Context: Zerumbone (ZER) is known to exhibit anticancer properties on various cancer cells both in vitro and in vivo. However, the anti-angiogenesis effect of ZER on liver cancers in vivo is not yet addressed clearly. Aims: This study aimed to investigate the in vivo antiproliferative and antiangiogenesis effects of ZER using rats with diethylnitrosamine-induced hepatocellular carcinoma (HCC). Materials and Methods: The antiproliferative and anti-angiogenesis effects of ZER were determined using the hepatosomatic index, vascular endothelial growth factor (VEGF) immunoassay, terminal deoxynucleotidyl transferase dUTP nick end labeling assay, histopathology, and immunohistochemistry analysis. Results: Nontreated rats with HCC had higher median liver weight than those treated with ZER or suramin. The expression of VEGF, matrix metalloprotease, and Ki-67 that were high in nontreated HCC rats was down-regulated with ZER or suramin treatments. Statistical Analysis Used: Statistical analyses were performed using the Statistical Package for Social Science version 21.0 (SPSS Inc, IBM, Maryland, USA). The data were expressed as the mean ± standard deviation and analyzed using a one-way analysis of variance. P < 0.05 was considered statistically significant. Conclusion: ZER has the potential to be developed as the pro-apoptotic and antiangiogenic agent in the treatment of HCC.
Abbreviations used: ZER: Zerumbone; HCC: Hepatocellular carcinoma; MMP-9: Matrix metalloproteinase-9; VEGF: Vascular endothelial growth factor; DEN: Diethylnitrosamine; PBS: Phosphate-buffered saline; ELISA: Enzyme-Linked Immunosorbent Assay; TUNEL: Terminal deoxynucleotidyl transferase dUTP nick end labeling; FFPE: Formalin-fixed and paraffin-embedded; H and E: Hematoxylin and Eosin; DAB: Dako Envision®+Dual Link System; HRP: Horseradish peroxidase; H2O2: Hydrogen peroxide; PBST: PBS in Tween 20; SPSS: Statistical Package for Social Science; RUGS: Research University Grant Scheme. Correspondence:

Keywords: Active compound, angiogenic biomarkers, antiproliferative, hepatocellular carcinoma, in vivo study, natural product


How to cite this article:
Samad NA, Abdul AB, Rahman HS, Abdullah R, Tengku Ibrahim TA, Othman HH. Antiproliferative and antiangiogenic effects of zerumbone from Zingiber zerumbet L. Smith in sprague dawley rat model of hepatocellular carcinoma. Phcog Mag 2019;15:277-82

How to cite this URL:
Samad NA, Abdul AB, Rahman HS, Abdullah R, Tengku Ibrahim TA, Othman HH. Antiproliferative and antiangiogenic effects of zerumbone from Zingiber zerumbet L. Smith in sprague dawley rat model of hepatocellular carcinoma. Phcog Mag [serial online] 2019 [cited 2019 Mar 18];15:277-82. Available from: http://www.phcog.com/text.asp?2019/15/61/277/253468





SUMMARY

  • Cancer has the ability to spread to adjacent or distant organs through the formation of a new blood, and lymphatic vessels in a process called angiogenesis and lymphangiogenesis, respectively. Thus, studying the compounds that derived from natural products with antiangiogenic abilities are of great importance to reduce the chances of life-threatening diseases.



   Introduction Top


Zerumbone (ZER), a monocyclic sesquiterpene with chemical formula C12H2O and molecular weight of 218.340 daltons, is most abundantly found in Zingiber zerumbet (L.) Smith. ZER was shown to have antiproliferative properties on cancer cells by inducing apoptosis and G2/M cell cycle arrest.[1]

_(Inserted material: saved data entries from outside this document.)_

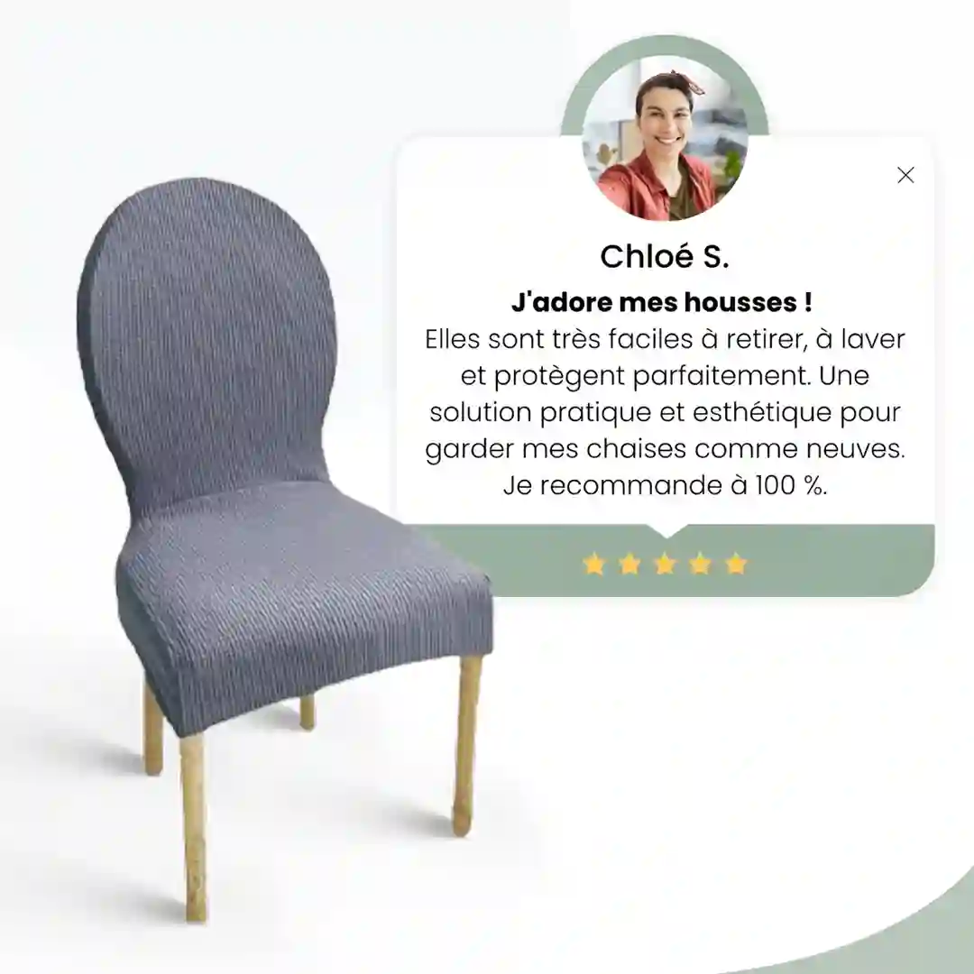 - Protection renforcée : Nos housses en tissu haute densité protègent vos chaises des taches, éclaboussures et usures quotidiennes.
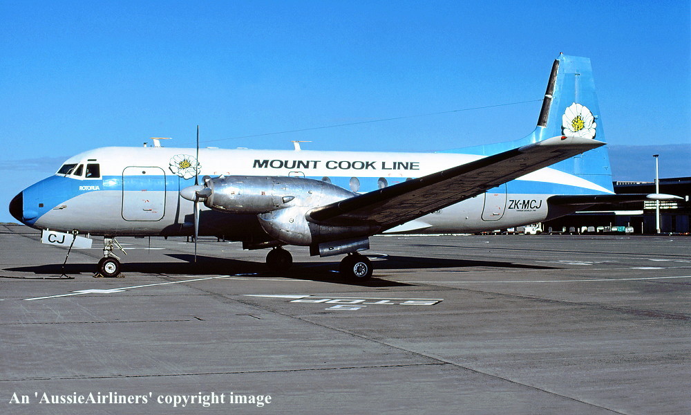 ZK-MCJ. Mount Cook Line - 'Rotorua' in the old livery at Auckland Airport, September 1982. (R. N. Smith Collection Copyright Image 0748-021.) |
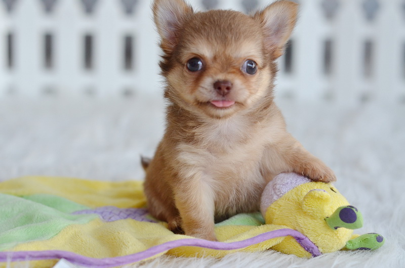 ชิวาวาเพศผู้ ขนยาว สีน้ำตาล ไซด์เล็ก ราคา 7500 บาท
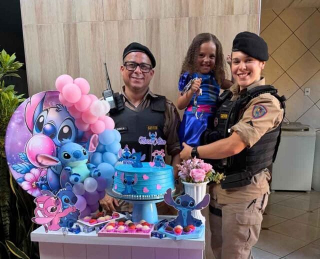 A Polícia Militar participou de uma comemoração de aniversário infantil e realizou uma surpresa especial para uma criança fã da corporação em Rio Piracicaba, na Região Central de Minas Gerais.
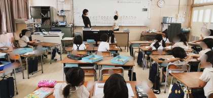 算数で、数の並びについて学習していました。簡単な数直線を使ってわかりやすく工夫していました。
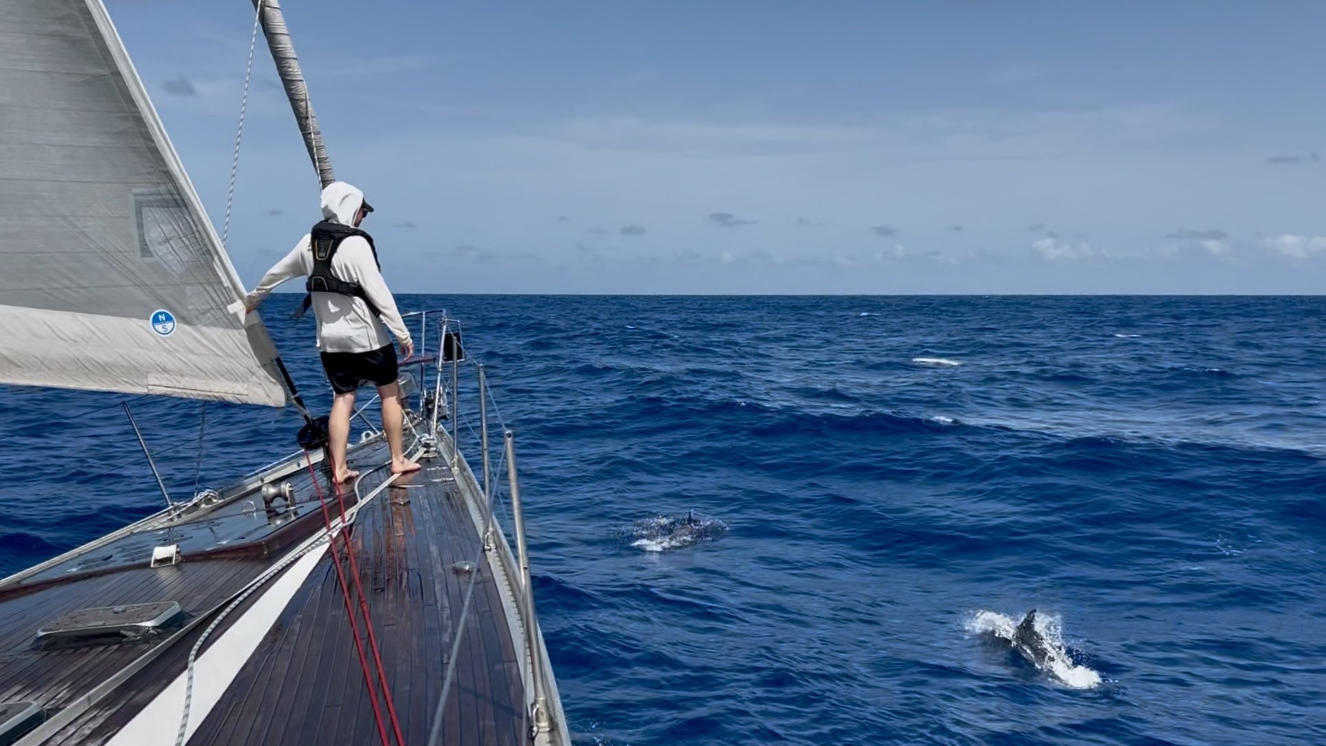 At 19 degrees north, the temperature has finally dropped. Cool evenings mean light jackets and much more comfortable sleeping. The biggest treat today was a pod of dolphins that swam with us for 20 minutes! They showed up on the port side and then swam several circles around Adrienne. Everyone woke up or stopped what they were doing to enjoy the visit. The pod was clearly having a blast swimming with Adrienne and seemed to enjoy hearing the crew’s whoops and cheers when they porpoised out of the water.

Angiogenesis and neovascularization are tightly controlled by the intricate balance between pro- and anti-angiogenic factors.[2],[3] In the development and growth of tumors, during angiogenesis, new blood vessels invade the surrounding tissues. In tumor angiogenesis, there is a shift in the equilibrium between angiogenic and anti-angiogenic factor, alteration in endothelial cell morphology, secretion of proteolytic enzymes, migration of endothelial cells, generation of new endothelial cells, and formation of new blood vessels. The proteolytic enzymes cause degradation of the vascular wall and extracellular matrix to facilitate the proliferation of new blood vessels. In this process, the endothelial cells migration resulting in sprouting and elongation of new blood vessels.[4]

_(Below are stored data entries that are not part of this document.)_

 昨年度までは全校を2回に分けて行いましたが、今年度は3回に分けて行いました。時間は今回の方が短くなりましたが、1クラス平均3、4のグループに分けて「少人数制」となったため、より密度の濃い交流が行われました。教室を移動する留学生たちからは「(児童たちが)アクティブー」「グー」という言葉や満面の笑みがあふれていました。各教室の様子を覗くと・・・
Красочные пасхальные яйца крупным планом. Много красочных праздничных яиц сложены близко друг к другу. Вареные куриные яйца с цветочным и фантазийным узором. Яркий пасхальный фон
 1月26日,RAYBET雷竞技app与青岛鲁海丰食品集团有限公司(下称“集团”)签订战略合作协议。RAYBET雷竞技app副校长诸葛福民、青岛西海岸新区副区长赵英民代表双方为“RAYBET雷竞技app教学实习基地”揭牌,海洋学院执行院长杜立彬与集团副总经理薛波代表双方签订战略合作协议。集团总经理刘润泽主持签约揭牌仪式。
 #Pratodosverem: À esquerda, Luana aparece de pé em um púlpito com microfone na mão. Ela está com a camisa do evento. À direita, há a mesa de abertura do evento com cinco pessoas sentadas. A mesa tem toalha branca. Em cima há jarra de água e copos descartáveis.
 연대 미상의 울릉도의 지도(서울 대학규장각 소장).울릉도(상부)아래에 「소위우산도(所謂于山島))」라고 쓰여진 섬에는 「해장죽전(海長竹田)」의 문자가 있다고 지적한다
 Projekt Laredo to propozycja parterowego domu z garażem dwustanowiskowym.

Primary liver cancers, such as hepatoma and hepatocellular carcinoma (HCC) are among the common malignancies in humans. HCC is the most deadly form of cancers accounting for up to 90% of all primary liver cancers.[5] The cancer is heterogeneous, and the etiologies include hepatitis and hepatitis C virus infections, alcohol abuse, aflatoxin B1, and other hepatotoxic substances.[6] HCC is a hypervascular tumor and is highly dependent on angiogenesis to grow, spread, and metastasis.[7],[8] Cancer can be treated with liver transplantation or surgical resection if diagnosed at the early stage. However, since most patients are presented with the advanced stage of the disease, only approximately 15% of patients can be cured by interventions.[5] Even after surgical resection, the recurrence rate of the tumor in these patients may still be as high as 50% after 2 years and 76% after 10 years.[9]

Consequently, active compounds derived from plant parts pose a candidate for anti-angiogenic agents due to their potent activity in causing the death of cancerous cells. Alternatively, extensive studies have been conducted to assess the role of pure compounds in the prevention of cancer growth and development through their antiangiogenic activities. Considering these perspectives, there have been extensive studies on natural product compounds and extracts that showed potent anti-angiogenic activity to overcome the adverse effect of synthetic agents on human health,[10] such as resveratrol from grape,[11] curcumin from turmeric,[12] Honokiol from magnolia,[13] silymarin from milk thistle,[14] and rhein from Rhizoma rhei.[15]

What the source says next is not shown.